Joe Felsenstein via microbio%40net.bio.net (by joe from removethispart.gs.washington.edu)
Fri Jun 29 21:01:22 EST 2007


In article <mailman.111.1182964648.11350.comp-bio from net.bio.net>,
Chris Hoffmann <hoffmanc from mail.med.upenn.edu> wrote:
>I was wondering about DNADIST, from the PHYLIP package.
>I am conducting a big sequencing project and there will be several phases.
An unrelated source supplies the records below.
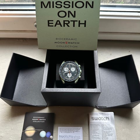 Helt ny Omega x Swatch Mission to Saturn. Kjøpt i Sevilla i 2023 og er aldri blitt brukt. Klokken kommer med alt av originalemballasje og papirer.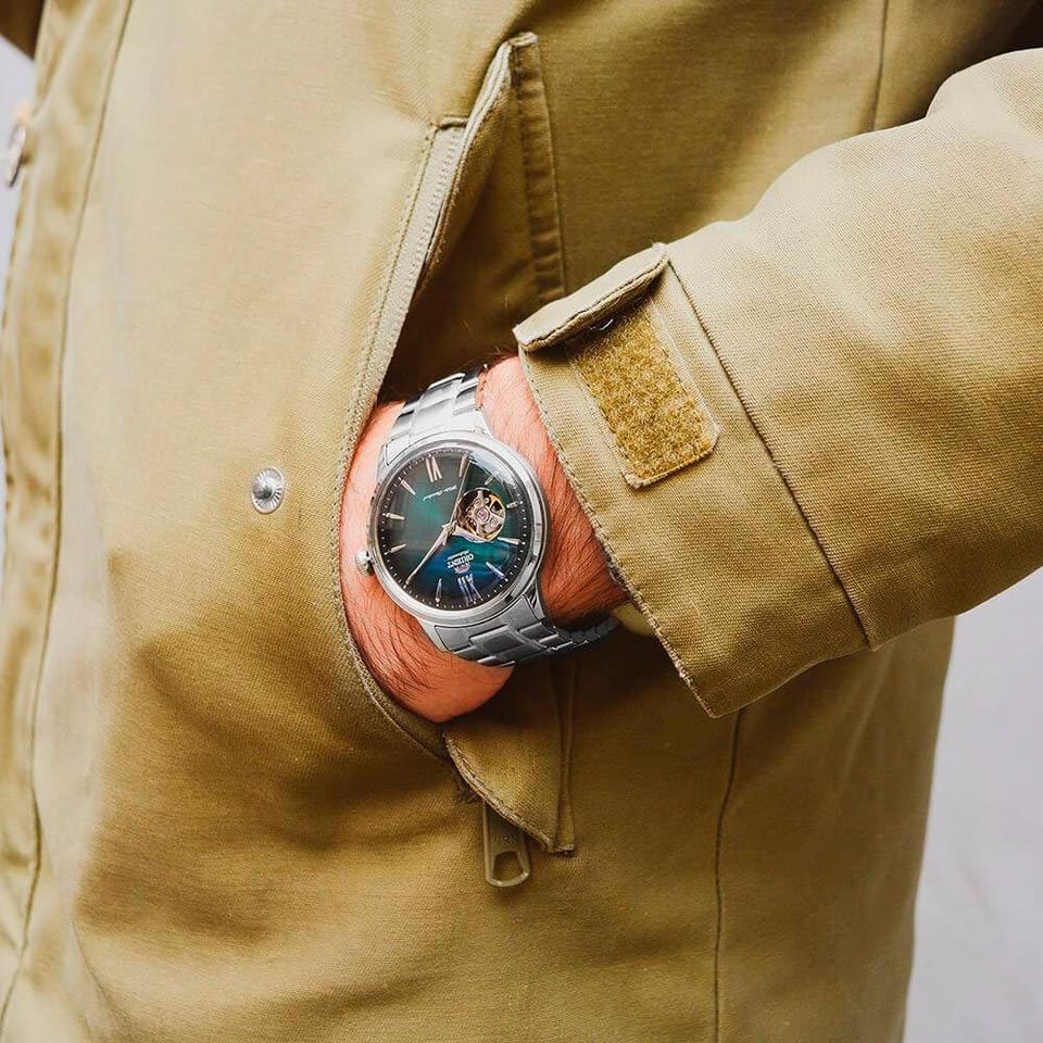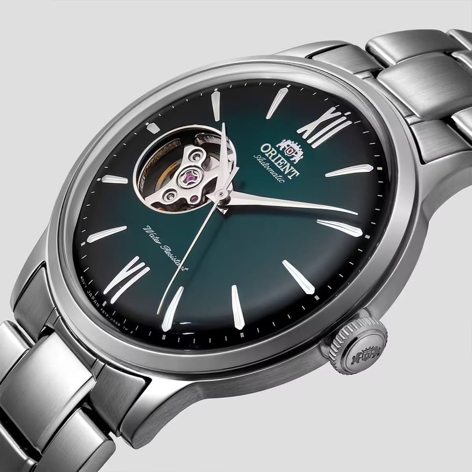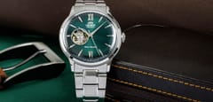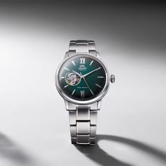 Czasomierz Orient Classic Bambino Open Heart RA-AG0026E10B to elegancki funkcjonalny męski zegarek do codziennego użytku jak i na wyjątkowe okazji. Czytelną, zieloną tarczę przykryto sferycznym szkiełkiem mineralnym, dobrze chroniącym zarówno przed ewentualnymi zarysowaniami. Czasomierz działa w oparciu o niesłychanie dokładny japoński mechanizm z automatycznym naciągiem.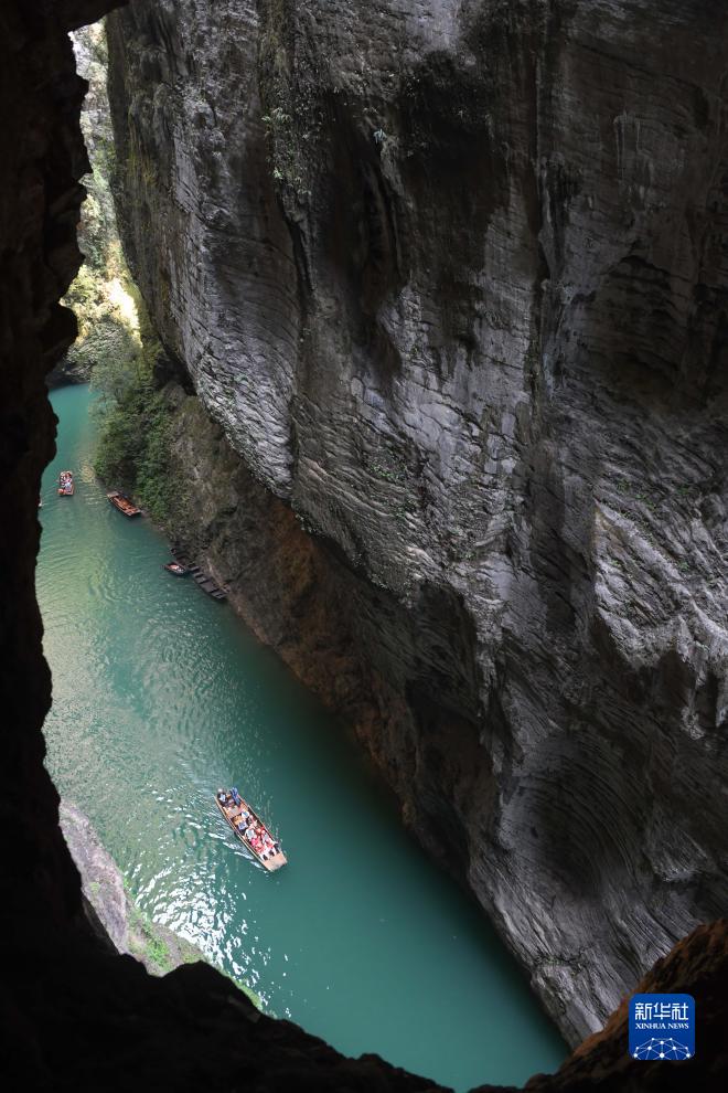 湖北省恩施土家族苗族自治州鶴峰縣森林覆蓋率高,空氣清新,氣候宜人。位于該縣容美鎮的屏山峽谷,全長約18公里,峰巒與河谷高差達千米,最窄處僅五尺,形成罕見的峽谷和地縫特色風光,碧水、輕舟與絕壁、森林相映成趣,每年吸引眾多海內外游客前來觀光。

I 
>would like to construct a distance matrix using DNADIST with a initial 
>dataset and later on only add more sequences to the set. but I didn't want 
>to have to re-run the program with all the sequences again. is there a way 
>to only insert the new data into the matrix?
>For example:
>initially I want calculate the distances from sequences in group of 
>sequences A;
>then when I get group of sequences B, calculate the distances within 
>sequences in group B;
>and calculate the distances between sequences in group A and B without 
>having to re-calculate the distances for group A again.
>Tthis is a simple example, I am actually likely to have 5 or more sets of 
>sequences, ranging from 5000 to 20000 sequences per group (perhaps more).
>I realize I may have to adapt the code (another issue entirely) but what I 
>am concerned is if the methods used by DNADIST give reliable results if I 
>calculate them in this fashion.

1. Dnadist will not add the new distances without recomputing the old ones
   in this way.
2. In any case, for the F84 distances the formulas use the base frequencies
   found (empirically) in the input sequences.  If you add more input
   sequences you then most likely have slightly altered empirical frequencies
   so you want to recompute the original ones anyway.
3. I suspect our formulas can compute this many distances, but
4. With 20,000 sequences there are 400,000,000 distances in all which, if each
   is about 10 bytes long, is a table 4 GB in size.  That is too big to
   use.  You ought to therefore reconsider your motivation for doing this.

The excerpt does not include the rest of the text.